What a lovely way to welcome our fine feathered friends into our yards and gardens and have a spot of tea with them.vintage cup bird feeders

I found an article years ago in a magazine (I believe it was BIRDS & BLOOMS) on how to make bird feeders out of old cups and saucers. I thought it was too good to be true! I didn't think birds would really swoop down and sit on the side of an old china cup and have lunch. I thought they had to eat on the run...or fly as it were. So I filed the information away for use at a later date.

Well, the date finally came some time later, when I found I had quite a collection of cup & saucers, and wondered how I could use know, instead of just looking at them on the shelf. So I remembered the article I read somewhere, sometime, of somebody's. (Note to self...create file for articles, so I can refer to at later date). I couldn't find the article anywhere, so I just came up with my own solution (which I'm sure is close to the original).

First, I have to find a cup & saucer that "fit" together. You know? The cup needs to sit into the indent created for it. Sometimes, if you rotate the cup on the saucer, it will fit much better.

I then took my husbands drill, a ceramic drill bit to cut glass, and set the cup up-side down on the counter and found the center of the bottom of the cup. I use water to keep the drill bit cool while I drill through the bottom of the cup. Just put about a tablespoon on the rim of the cup and check it every now and then. When you're drilling, be really careful and DON'T RUSH IT! 

I also use a folded up paper towel to catch all the water drips and also the fine grains of the cup filings.

I've not lost too many cups, but I have lost a few. Mainly because the bit gets too hot, I press too hard on the drill, or the cup was just too fragile or had been damaged in the first place.

I've also found that different cups drill differently. Ceramic cups, like the ones you made in clay class? Yep! They are sooo easy to drill. Like a hot knife through butter. The older cups, like the old resteraunt type that are a little heavier? They seem to take a little longer, I'm sure because of the depth  and the makeup of the ceramic. Fine China drills rather quickly and for that reason, may break easier because you're through before you know it! The ceramic cups that have been "fired" are the hardest to get through, and take the longest to drill.

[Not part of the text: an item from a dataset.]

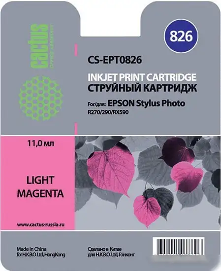 Картридж CACTUS CS-EPT0826 подходит для печати ярких фотографий и изображений. Он выполнен на основе водорастворимых чернил, что позволяет получать насыщенные и качественные цвета. Объем картриджа составляет 11 мл, чего достаточно для печати большого количества фотографий или документов. Этот картридж совместим со многими моделями принтеров Epson Stylus серии, что делает его универсальным решением. Он не является оригиналом, но полностью совместим с оригинальным картриджем C13T08264A10, обеспечивая хорошее качество печати. Удобная установка и надежность позволяют легко заменять картридж без потери времени. Использование этого картриджа помогает сэкономить деньги без потери качества изображений.

After the cup is drilled, I put it onto the saucer to find the right fit. It seems that you should be able to just drill right into the center of the saucer and then the cup will line up right? Not always! So this little trick seems to work better... at least for me. After the cup is centered and positioned on the saucer the way I want it, (right side up of course) I begin to drill the saucer, right through the hole I've made in the cup. After I've got a pretty good start on the saucer, I remove the cup, again use the water in the bottom of the saucer and drill the hole all the way through.

I use a 1/4" drill bit and 1/4" threaded rod. I found I can buy threaded rods at our local Home Depot in various lengths or just buy the 6' rod & cut it into 2' lengths. 

To assemble, I place a 1/4" nut about an inch down the rod, add a washer, then the saucer, cup, another washer and finally another nut. Depending on the depth of the cup, some of them have a wing nut so I can easily take the cup & saucer apart for cleaning.

After assembly, add the birdseed of your choice for your area, and set out into your garden or yard. It is so delightful to watch the birds come fly in and sit on the rim and have a spot of tea among the blooms.

Happy Hobbies!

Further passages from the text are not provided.